With the announcement confirmed that a bid for TIF from LVMH, that sent the stock soaring nearly 32%, some may look at the prospects of competitors. It is not something I would do, but one would expect some sort of short lived bounce of any peers. Below is the chart of SIG, which has been a laggard down 73% from most recent 52 week highs, not a typo. Bottom picking is often a troublesome journey, but it is showing a mildly positive bullish inverse head and shoulders pattern. Each day this week flirted with the 18 pivot, and it is looking weary after Wednesdays drop of nearly 7%. There are most likely better fish to fry in the luxury space, like TPR that pays a dividend yield of 5.1%, and has clung to a big 2 week winning streak of a combined 21% the two weeks ending between 9/6/13. Both TPR and SIG however still have much to prove, and one should stick to leaders in the space, as we know trends are more likely to persist than reverse.

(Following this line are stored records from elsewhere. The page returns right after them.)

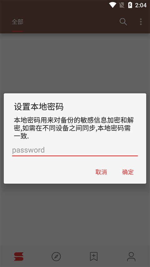 1、当你第一次启动应用时,系统可能会提示你设定一个本地密码来保护数据,按需设置后点击“确定”即可进入主界面。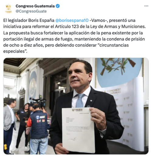 El diputado por Chiquimula, Boris España, considera que algunas personas son sentenciadas de manera injusta por portar armas sin licencia, y por ello impulsa una modificación a la Ley de Armas y Municiones.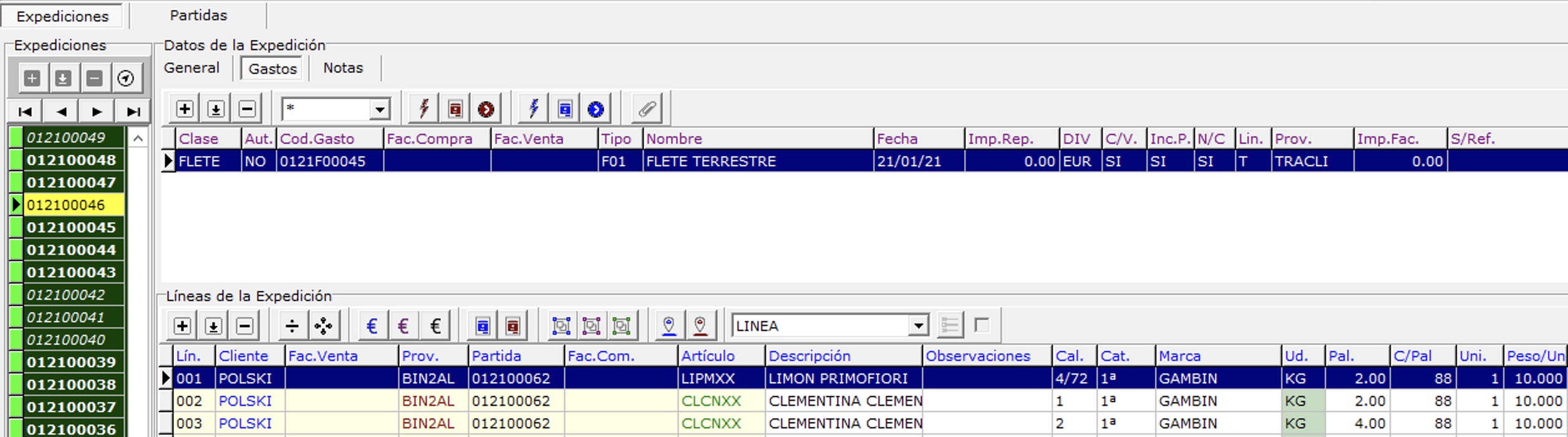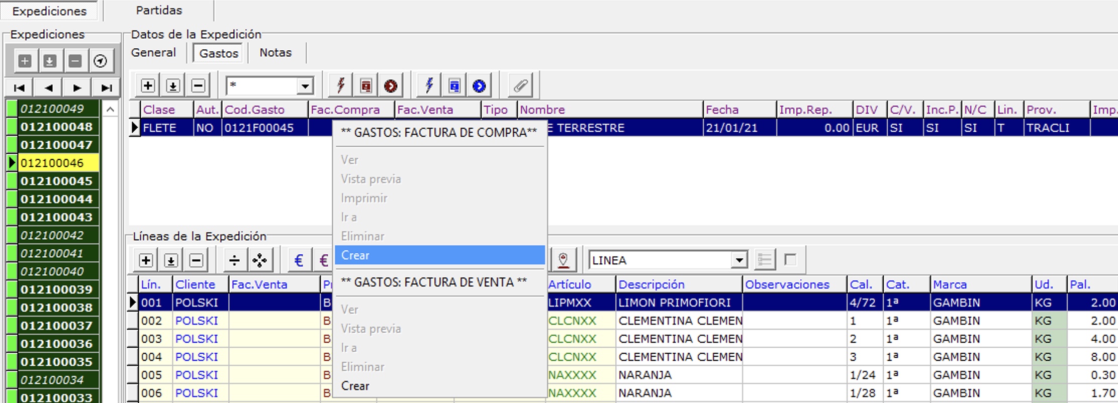 Desde la expedición: cuando un gasto se corresponde con una factura de compra, basta seleccionar el gasto, y pulsar el botón que se muestra para que se cree la factura de compra.

Stocks that break out, or break down, will often go on to retest the spot of the move to prove if it is legitimate. Below is an example of the latter, and the chart of ETSY and how it appeared in our 9/25 Consumer Note. The name REPORTS tonight, and it has recorded back to back double digit earnings related drops of 12.4 and 10.7% on 8/2 and 5/9 concerning, after the prior 3 all rose by 16.3, 23.7 and 3.3% on 2/26, 11/7 and 8/7/18. Notice how it not only retested the symmetrical triangle breakdown, but also filled in an upside gap from the 8/2 session, and met resistance at the 200 day SMA with all at the round 60 number. This is what is called a “cluster of evidence”. The stock has dropped more than 10% this week so far, not long after a 9.3% slump the week ending 9/27. Perhaps someone knows something.